[Collection entries]
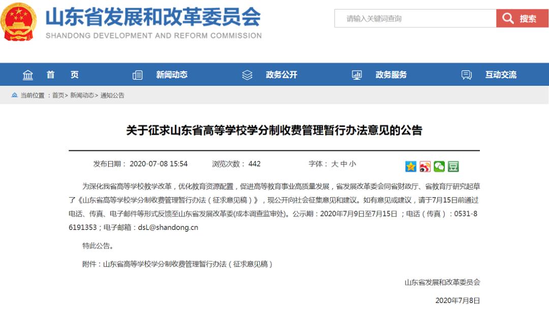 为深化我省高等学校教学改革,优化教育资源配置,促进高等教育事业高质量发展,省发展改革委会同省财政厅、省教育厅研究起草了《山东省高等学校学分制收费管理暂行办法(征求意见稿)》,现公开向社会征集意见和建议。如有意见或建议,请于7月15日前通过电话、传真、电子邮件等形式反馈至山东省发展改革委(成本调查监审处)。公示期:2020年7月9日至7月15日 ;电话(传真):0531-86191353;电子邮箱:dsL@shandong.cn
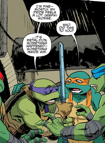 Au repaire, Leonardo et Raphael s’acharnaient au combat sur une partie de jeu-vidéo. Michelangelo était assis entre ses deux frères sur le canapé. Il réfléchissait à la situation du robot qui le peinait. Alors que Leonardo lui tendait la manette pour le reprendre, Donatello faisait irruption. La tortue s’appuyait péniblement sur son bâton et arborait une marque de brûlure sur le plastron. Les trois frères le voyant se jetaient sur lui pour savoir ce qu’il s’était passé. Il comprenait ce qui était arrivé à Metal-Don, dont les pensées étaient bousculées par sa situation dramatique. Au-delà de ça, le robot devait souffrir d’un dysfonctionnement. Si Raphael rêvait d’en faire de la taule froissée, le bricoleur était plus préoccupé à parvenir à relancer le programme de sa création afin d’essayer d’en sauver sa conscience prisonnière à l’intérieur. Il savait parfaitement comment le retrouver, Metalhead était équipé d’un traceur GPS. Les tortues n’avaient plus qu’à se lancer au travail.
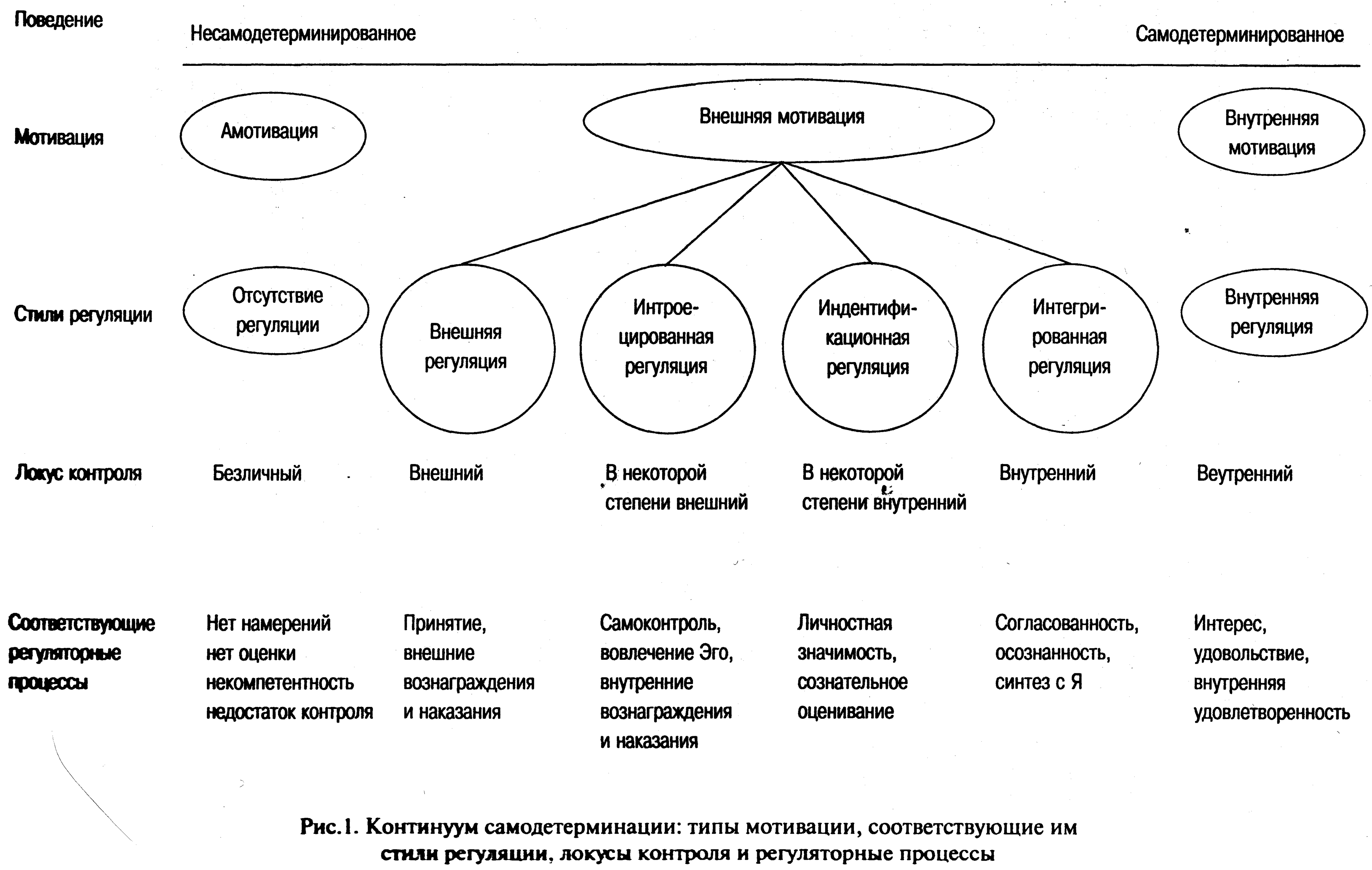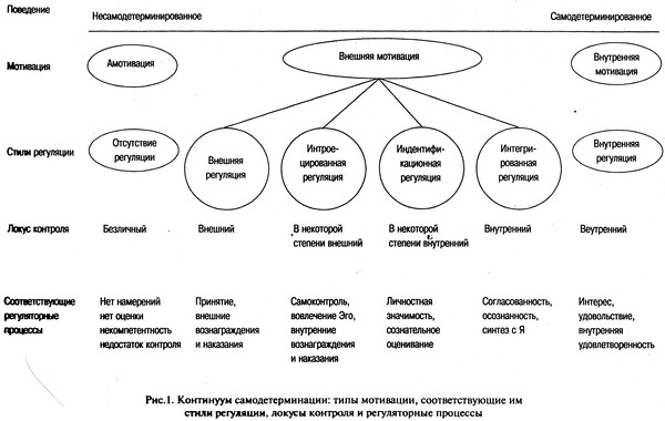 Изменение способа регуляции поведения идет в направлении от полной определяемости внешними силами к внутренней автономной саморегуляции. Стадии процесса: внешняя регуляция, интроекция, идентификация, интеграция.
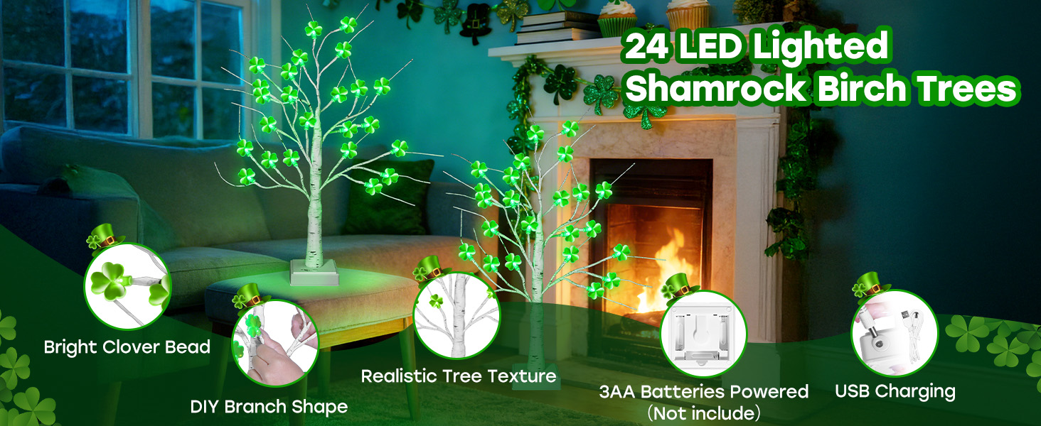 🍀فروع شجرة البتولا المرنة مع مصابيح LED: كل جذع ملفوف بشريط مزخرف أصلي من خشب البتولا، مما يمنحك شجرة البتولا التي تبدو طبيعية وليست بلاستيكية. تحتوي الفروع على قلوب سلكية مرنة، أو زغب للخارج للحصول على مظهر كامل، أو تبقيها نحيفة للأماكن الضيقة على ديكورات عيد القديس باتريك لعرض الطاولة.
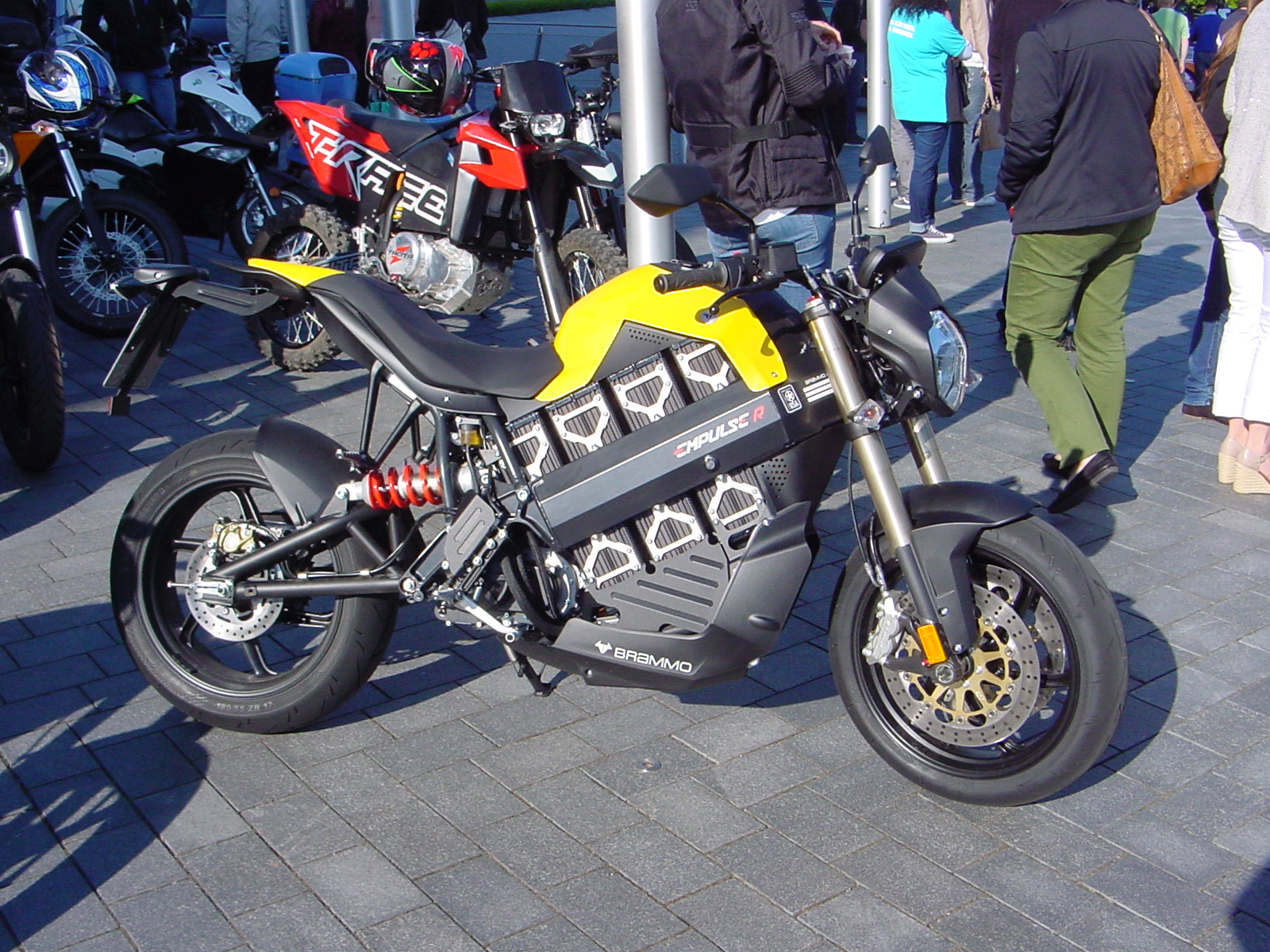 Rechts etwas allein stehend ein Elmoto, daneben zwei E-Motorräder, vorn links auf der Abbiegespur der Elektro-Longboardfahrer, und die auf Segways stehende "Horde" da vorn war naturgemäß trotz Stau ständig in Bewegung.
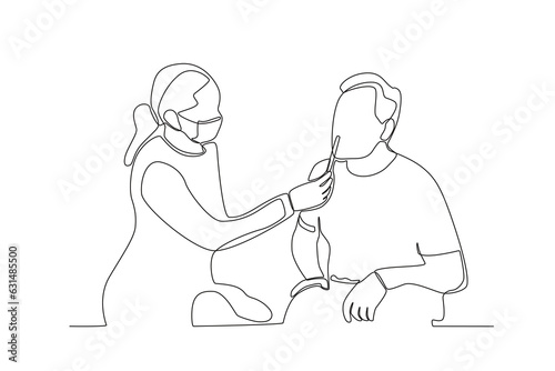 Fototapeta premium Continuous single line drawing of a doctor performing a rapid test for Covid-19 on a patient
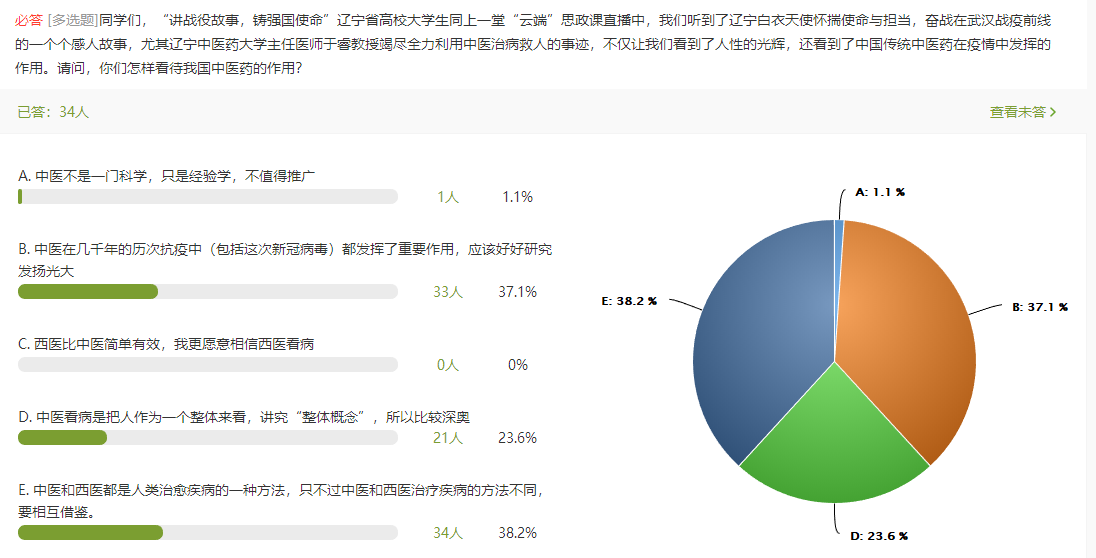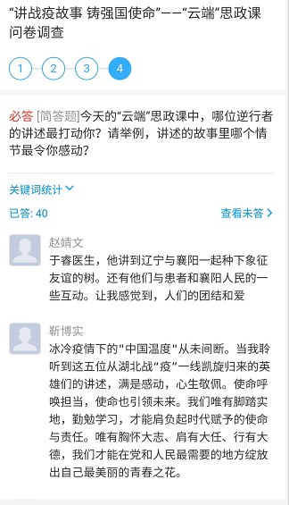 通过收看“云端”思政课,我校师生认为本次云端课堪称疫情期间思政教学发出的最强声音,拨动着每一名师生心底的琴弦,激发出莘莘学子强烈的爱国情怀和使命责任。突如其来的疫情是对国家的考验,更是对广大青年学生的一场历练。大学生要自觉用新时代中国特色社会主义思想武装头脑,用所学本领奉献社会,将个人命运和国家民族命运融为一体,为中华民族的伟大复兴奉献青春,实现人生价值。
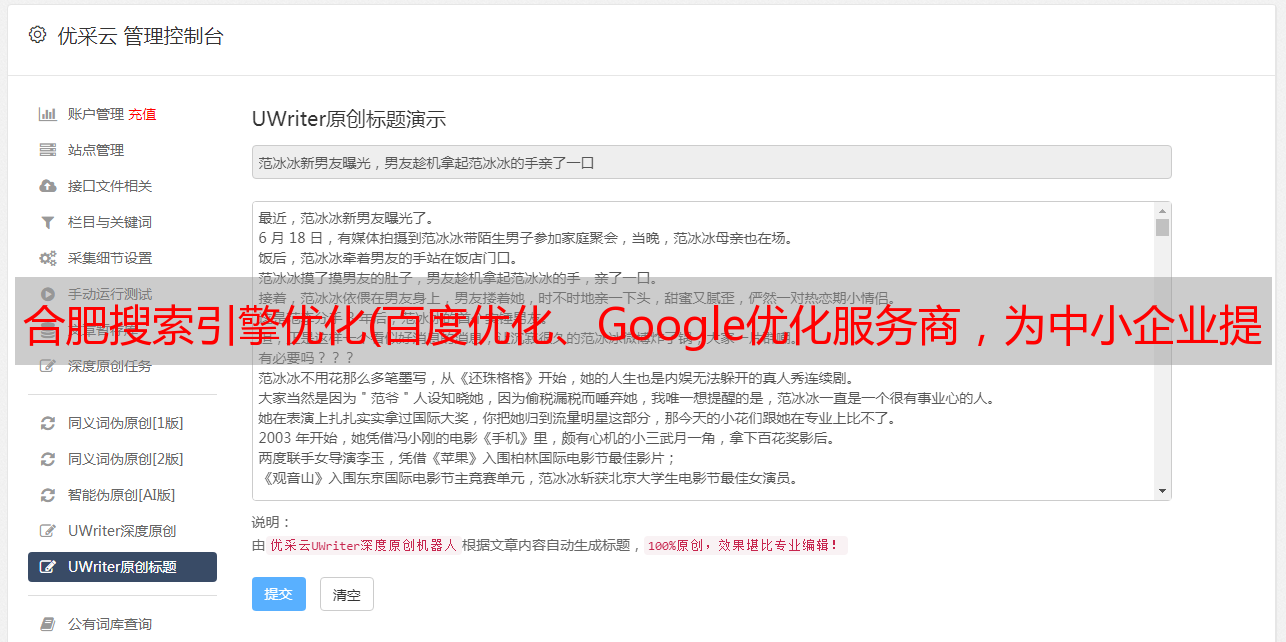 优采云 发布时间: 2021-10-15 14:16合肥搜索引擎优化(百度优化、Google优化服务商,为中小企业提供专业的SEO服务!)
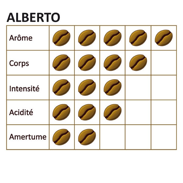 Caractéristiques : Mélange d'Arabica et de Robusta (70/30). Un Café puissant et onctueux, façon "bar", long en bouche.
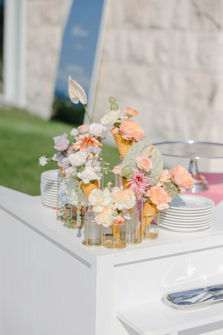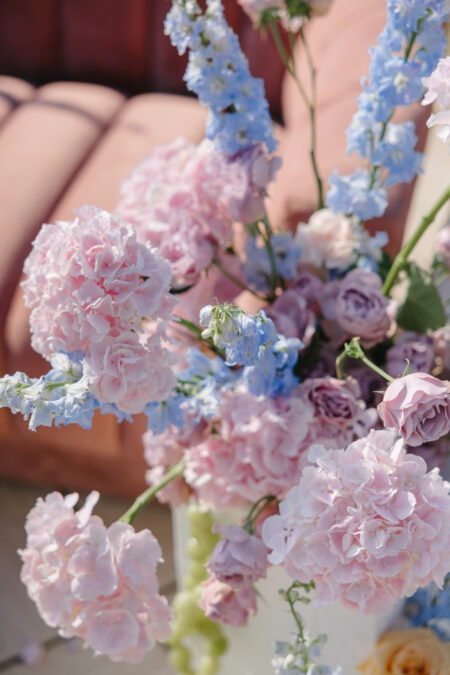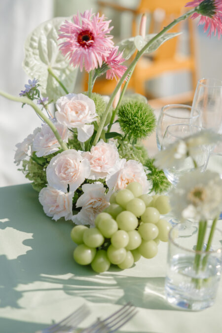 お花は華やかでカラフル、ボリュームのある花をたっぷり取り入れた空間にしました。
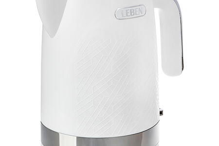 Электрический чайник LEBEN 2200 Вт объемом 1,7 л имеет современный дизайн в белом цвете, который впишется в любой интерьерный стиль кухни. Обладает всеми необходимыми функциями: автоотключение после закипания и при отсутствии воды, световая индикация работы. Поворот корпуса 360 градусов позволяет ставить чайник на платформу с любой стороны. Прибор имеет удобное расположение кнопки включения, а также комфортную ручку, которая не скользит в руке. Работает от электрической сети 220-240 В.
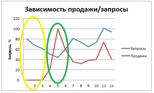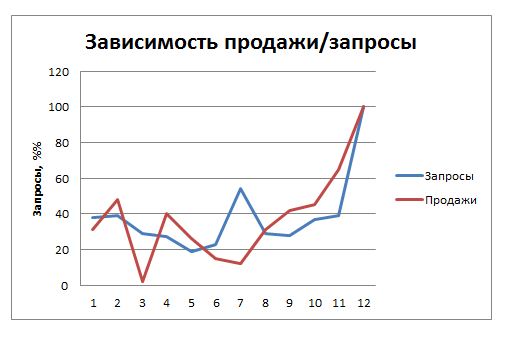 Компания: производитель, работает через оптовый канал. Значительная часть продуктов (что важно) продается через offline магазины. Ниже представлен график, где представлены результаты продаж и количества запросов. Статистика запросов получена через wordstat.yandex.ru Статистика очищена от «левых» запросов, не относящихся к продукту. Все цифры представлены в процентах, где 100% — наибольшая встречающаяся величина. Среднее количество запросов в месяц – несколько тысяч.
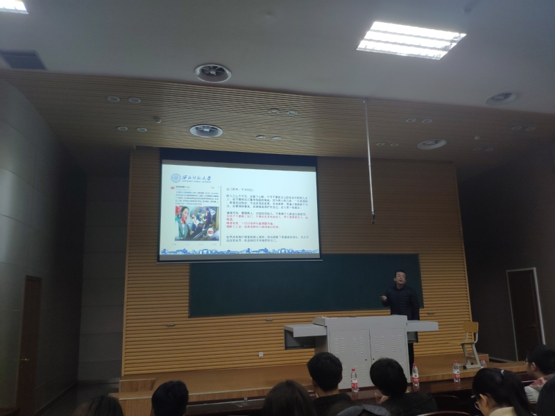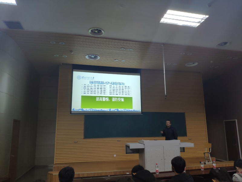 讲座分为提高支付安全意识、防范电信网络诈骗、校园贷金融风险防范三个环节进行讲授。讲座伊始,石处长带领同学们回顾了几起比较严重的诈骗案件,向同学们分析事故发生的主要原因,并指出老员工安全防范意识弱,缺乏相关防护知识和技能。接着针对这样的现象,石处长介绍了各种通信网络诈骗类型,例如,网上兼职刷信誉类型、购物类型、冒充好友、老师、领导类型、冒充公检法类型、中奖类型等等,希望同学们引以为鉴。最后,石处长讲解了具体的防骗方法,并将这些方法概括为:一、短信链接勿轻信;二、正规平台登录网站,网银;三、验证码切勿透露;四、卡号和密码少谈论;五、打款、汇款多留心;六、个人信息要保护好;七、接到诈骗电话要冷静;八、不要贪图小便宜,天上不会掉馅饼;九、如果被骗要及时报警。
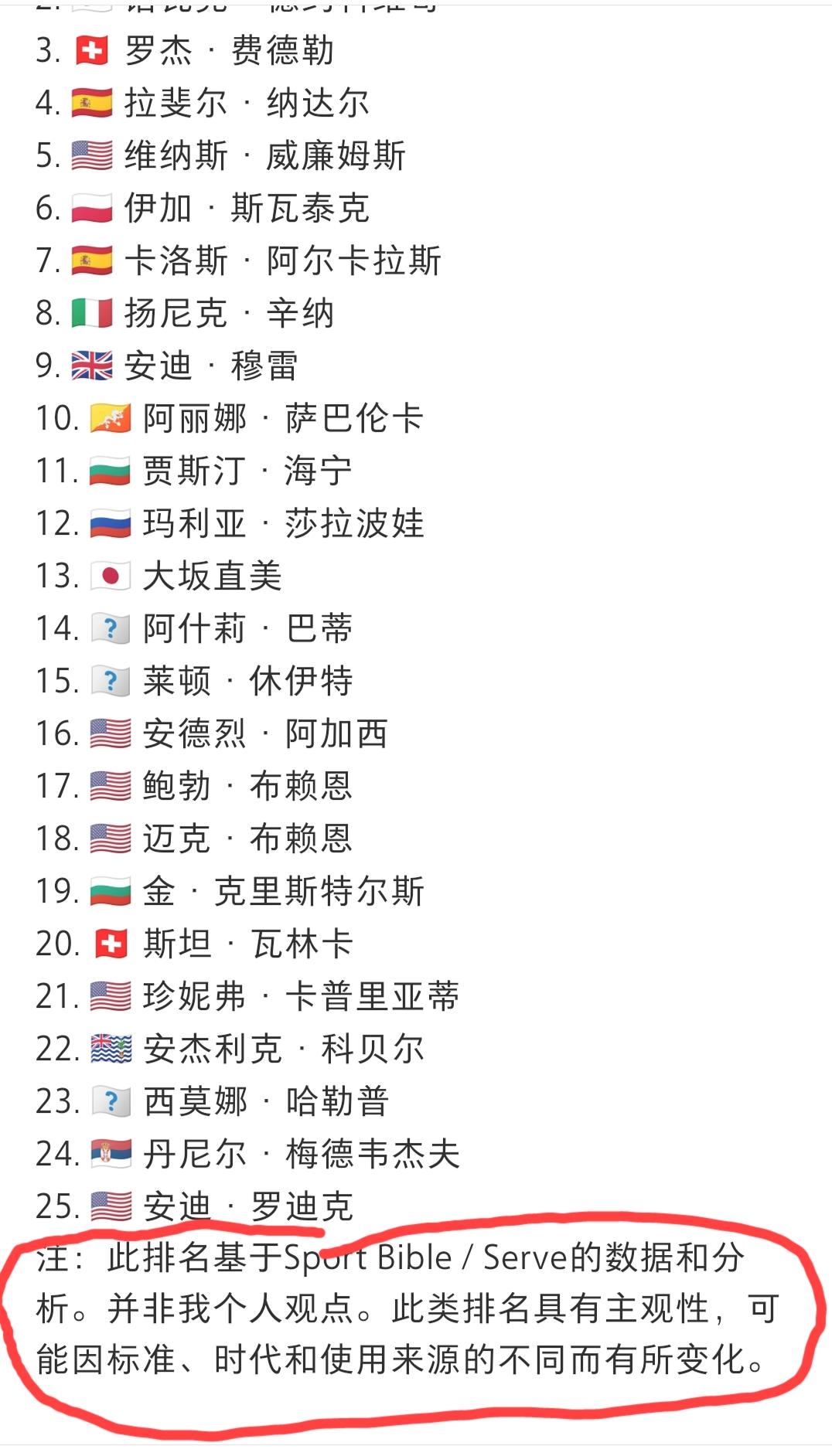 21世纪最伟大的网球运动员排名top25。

## Task prompt
Would you please reproduce the entries above, starting at the line with "Caractéristiques : Mélange" and stopping after the line with "Компания: производитель, работает"? Omit any pictures.

## Answer box
 Caractéristiques : Mélange d'Arabica et de Robusta (70/30). Un Café puissant et onctueux, façon "bar", long en bouche.
 お花は華やかでカラフル、ボリュームのある花をたっぷり取り入れた空間にしました。
 Электрический чайник LEBEN 2200 Вт объемом 1,7 л имеет современный дизайн в белом цвете, который впишется в любой интерьерный стиль кухни. Обладает всеми необходимыми функциями: автоотключение после закипания и при отсутствии воды, световая индикация работы. Поворот корпуса 360 градусов позволяет ставить чайник на платформу с любой стороны. Прибор имеет удобное расположение кнопки включения, а также комфортную ручку, которая не скользит в руке. Работает от электрической сети 220-240 В.
 Компания: производитель, работает через оптовый канал. Значительная часть продуктов (что важно) продается через offline магазины. Ниже представлен график, где представлены результаты продаж и количества запросов. Статистика запросов получена через wordstat.yandex.ru Статистика очищена от «левых» запросов, не относящихся к продукту. Все цифры представлены в процентах, где 100% — наибольшая встречающаяся величина. Среднее количество запросов в месяц – несколько тысяч.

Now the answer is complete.